Member of the Chamber of Deputies
- In office 21 May 1949 – 15 May 1953
- Constituency: 17th Departmental Group

Personal details
- Born: 15 August 1892 Concepción, Chile
- Died: 30 April 1965 (aged 72) Concepción, Chile
- Party: Liberal Party
- Spouse: Estefanía Oria Puente
- Education: University of Chile; National Conservatory of Music;
- Profession: Lawyer; Pianist;

= Esteban Iturra =

Chilean lawyer, musician and parliamentarian (1892–1965)

Esteban Iturra Pacheco (15 August 1892 – 30 April 1965) was a Chilean lawyer, musician and parliamentarian affiliated with the Liberal Party.

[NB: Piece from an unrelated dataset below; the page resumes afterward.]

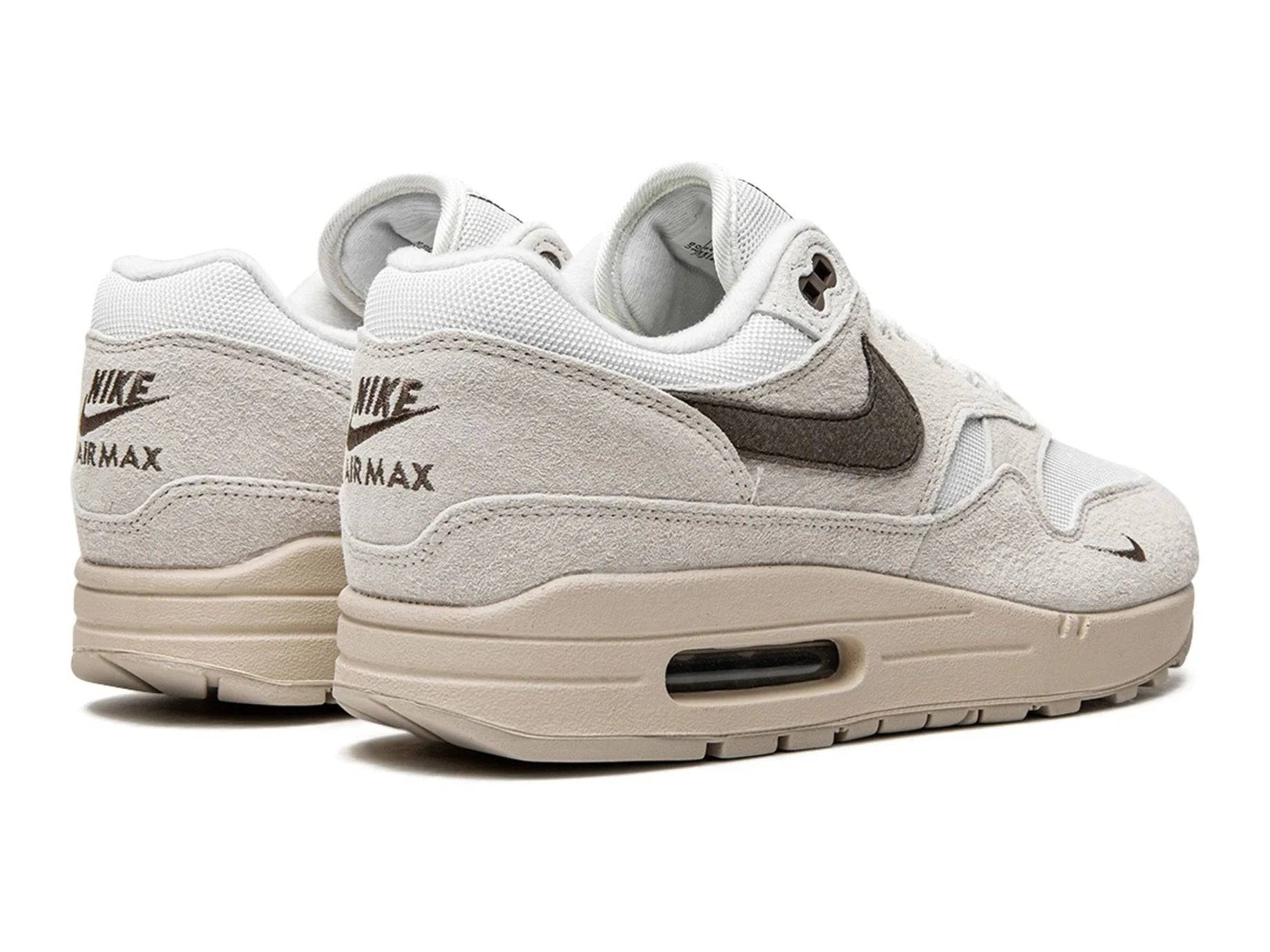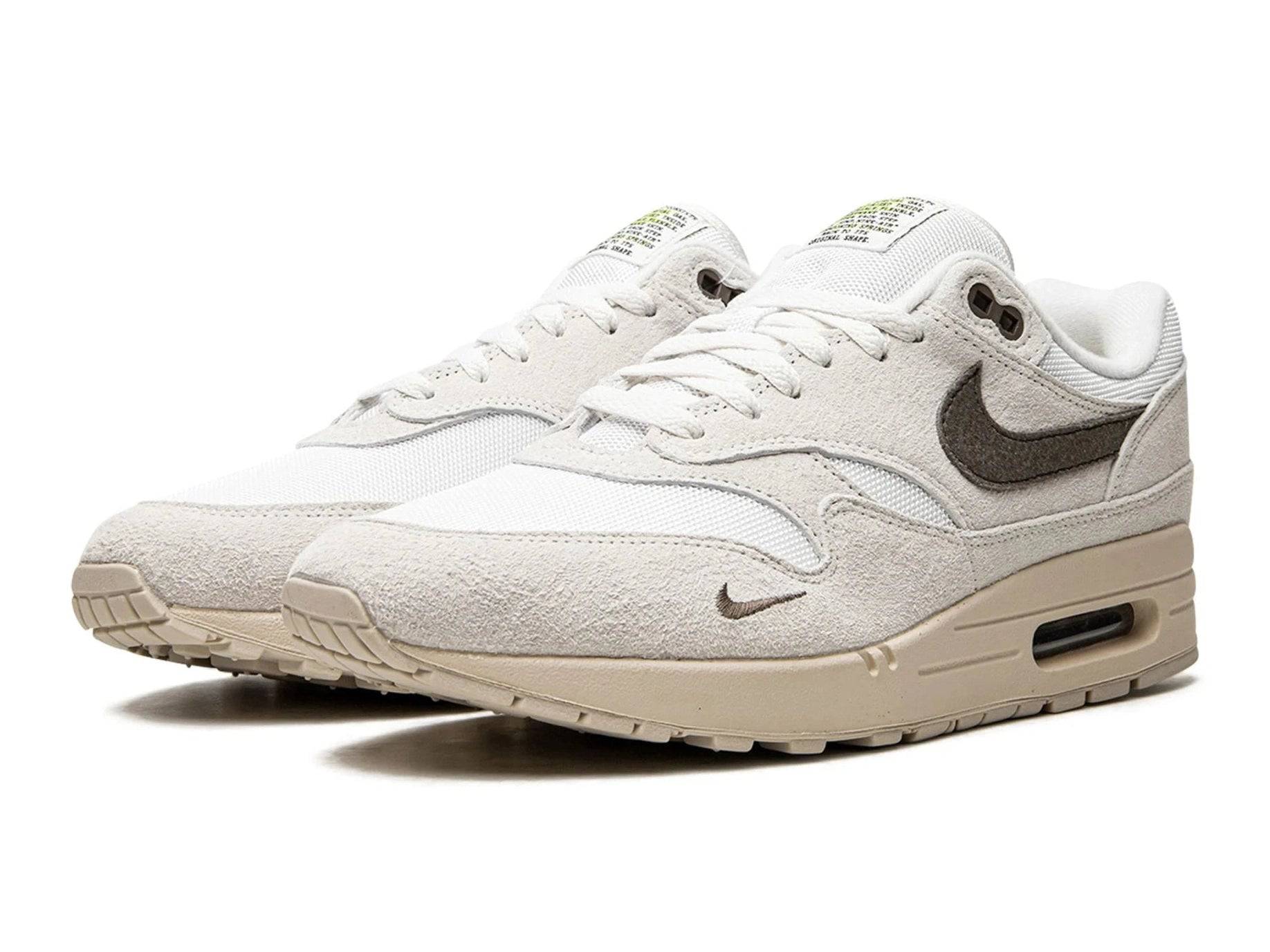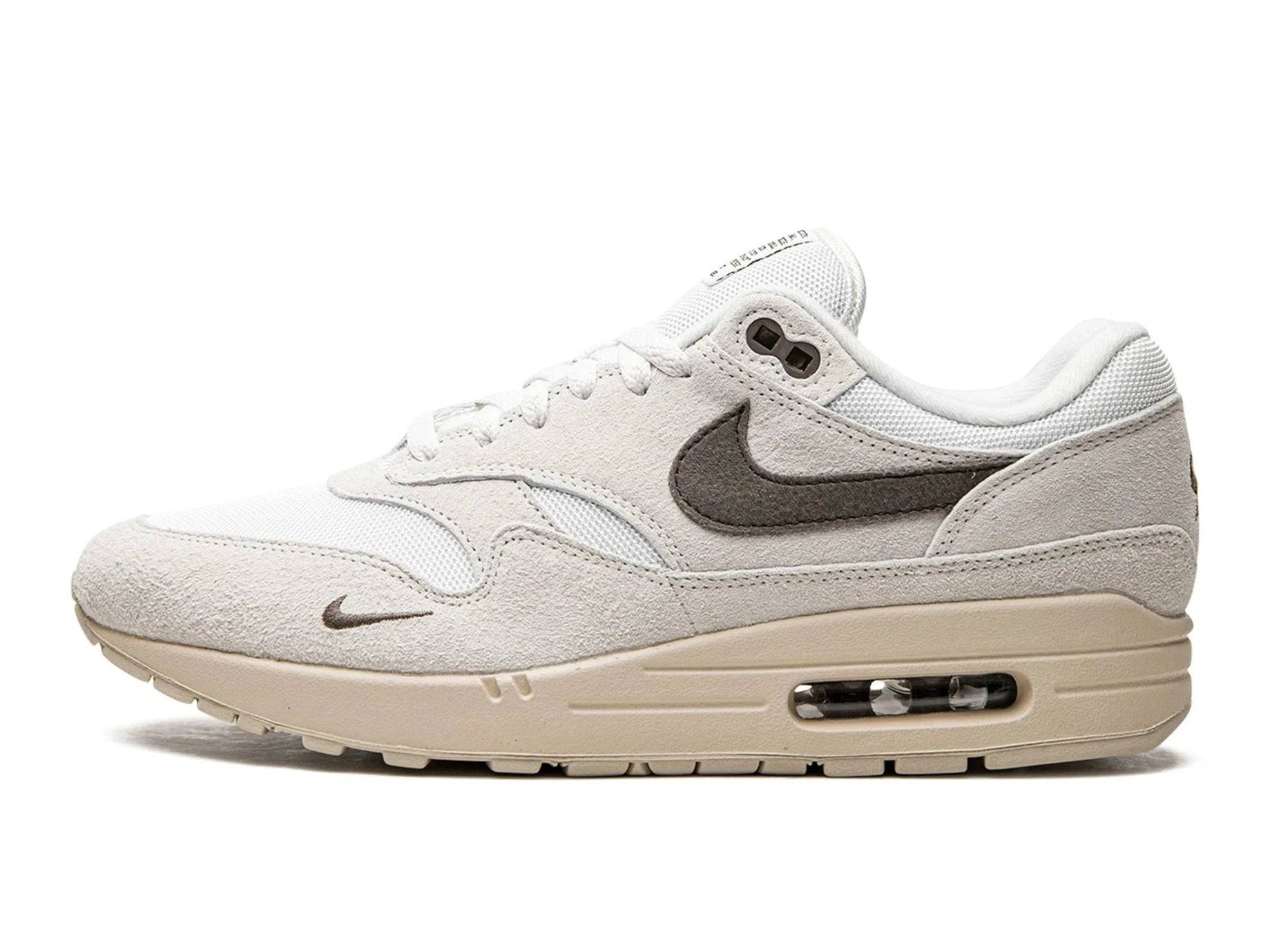 La Nike Air Max 1 « Sail/Ironstone » est un coloris extrêmement polyvalent de la chaussure de course de performance vintage. Cette Air Max 1 est conçue dans une palette de couleurs intemporelles qui se prête à une variété de tenues. La chaussure présente une base en maille blanche avec des superpositions contrastées en daim beige partout. Un Swoosh marron apparaît sur le panneau central et un Swoosh marron plus petit se trouve sur le côté latéral de l'avant-pied. La marque classique « Nike Air » est brodée sur le talon. Sous le pied, la semelle intermédiaire vieillie de la chaussure donne au design une apparence rétro.

He served as a member of the Chamber of Deputies during the XLVI Legislative Period (1949–1953), representing the Concepción area, and later served as Intendant of Concepción between 1960 and 1964.

== Biography ==
Iturra Pacheco was born in Concepción on 15 August 1892, the son of Esteban Sandalio Iturra del Pino and Sara María Pacheco de la Vega. He completed his secondary education at the Seminary of Concepción and studied law at the University of Chile, qualifying as a lawyer in 1914. His undergraduate thesis was titled La cosa juzgada, and he was sworn in as a lawyer on 27 October 1914.

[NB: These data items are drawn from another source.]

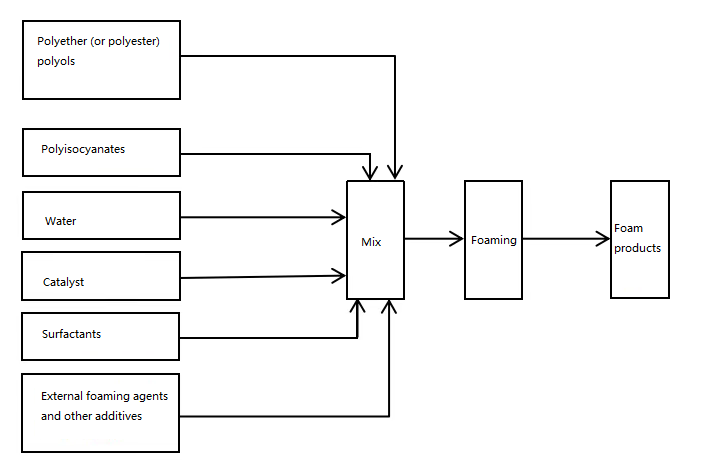 The one-step process flow of Flexible polyurethane foam is as follows:
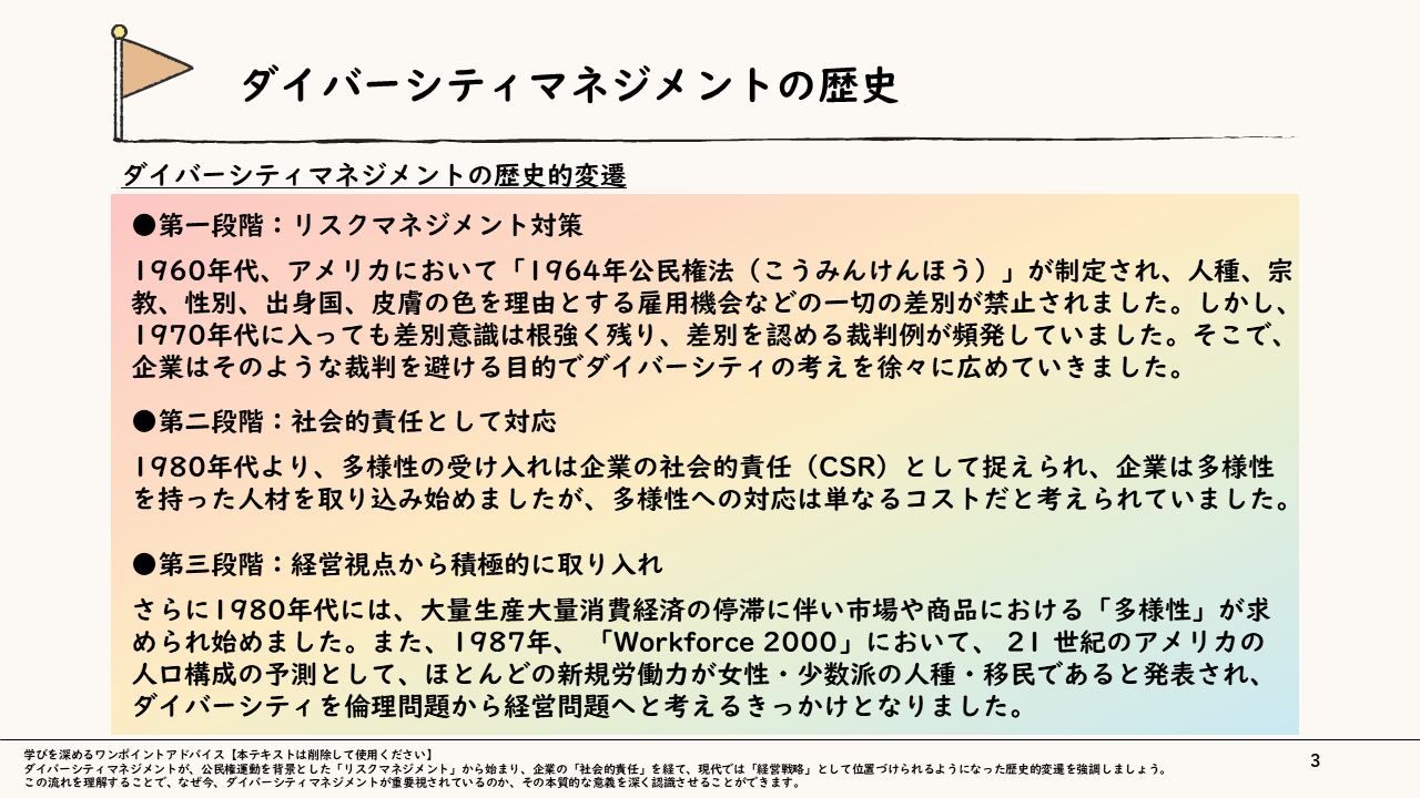 人材の多様性が高まる現代において、価値観の違いを「摩擦」で終わらせず、組織の「強み」へと転換するためのマネジメント手法を習得するスライドです。 ダイバーシティマネジメントの本質は、単に多様な人材を集めることではなく、その違いを戦略的に組織の変革や競争力へ活かすことにあります。一人ひとりの個性や価値観が最大限に発揮される環境・制度の整え方から、個々のパフォーマンスを最大化させる関わり方までを解説。多様性を「活力」に変え、組織全体の力を大きく向上させるための視点と実践スキルを身につけることを目指します。
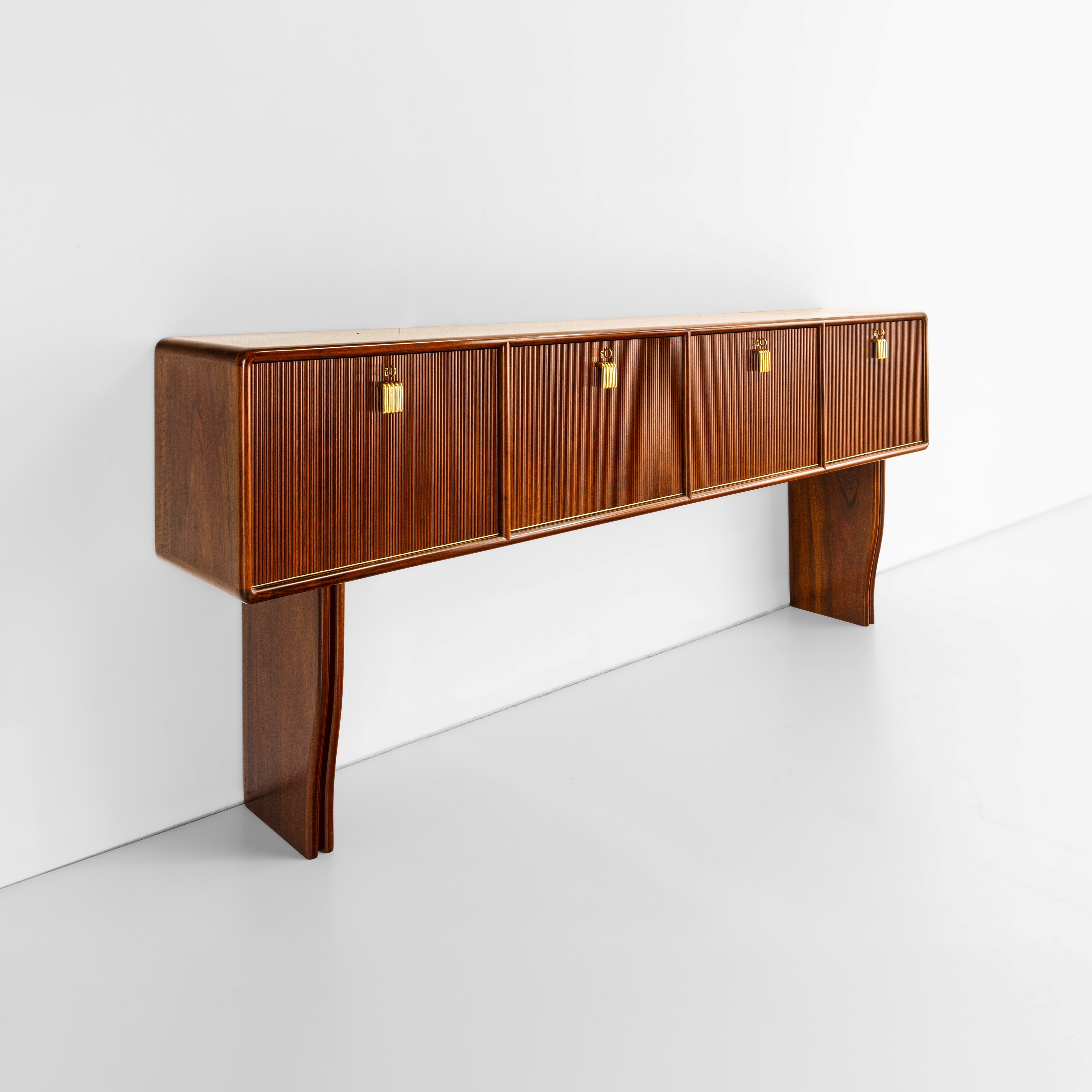 Struttura in legno, ante in legno grissinato e dettagli in ottone.
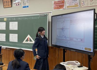 2025年11月4日 17時50分2年生数学「平行線と折れ線のつくる角の大きさを求めるにはどうすればよいか」

Alongside his legal studies, he pursued musical training at the National Conservatory of Music, graduating in 1911 with a diploma as a concert pianist. These dual vocations—law and music—marked his professional and intellectual life.

He married Estefanía Oria Puente, with whom he had two daughters.

== Professional career ==
Iturra Pacheco began his legal career in his father’s law office. He later served as a public prosecutor and as professor of Civil Law and Commercial Law at the University of Concepción, where he also served as interim dean of the Faculty of Law and Social Sciences.

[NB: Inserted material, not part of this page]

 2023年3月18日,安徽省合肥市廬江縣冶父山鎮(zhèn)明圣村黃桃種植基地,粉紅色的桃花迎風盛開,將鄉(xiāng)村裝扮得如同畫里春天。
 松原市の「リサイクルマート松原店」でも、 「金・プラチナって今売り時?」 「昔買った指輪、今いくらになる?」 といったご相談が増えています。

Following the establishment of the Enrique Soro Conservatory in Concepción, he served as its first director between 1920 and 1930. Between 1935 and 1949, he acted as trustee in bankruptcy (síndico de quiebras). He also served as a member of the Court of Appeals of Concepción.

== Political career ==
A member of the Liberal Party, Iturra Pacheco was elected Deputy for the 17th Departmental Group —Concepción, Talcahuano, Tomé, Yumbel and Coronel— for the 1949–1953 legislative period.

During his parliamentary tenure, he served as a member of the Standing Committee on Finance and as a replacement member of the Committee on Roads and Public Works.

He later served as Intendant of Concepción between 1960 and 1964, during the administration of President Jorge Alessandri Rodríguez.

== Other activities ==
Iturra Pacheco served as honorary vice-consul of Spain for the provinces of Concepción and Arauco. He was a councillor and local president of the Sociedad Periodística del Sur (SOPESUR). He was also a member of the Chilean Bar Association, the Club Concepción, and various cultural institutions.

== Death ==
Iturra Pacheco died in Concepción on 30 April 1965, at the age of 72.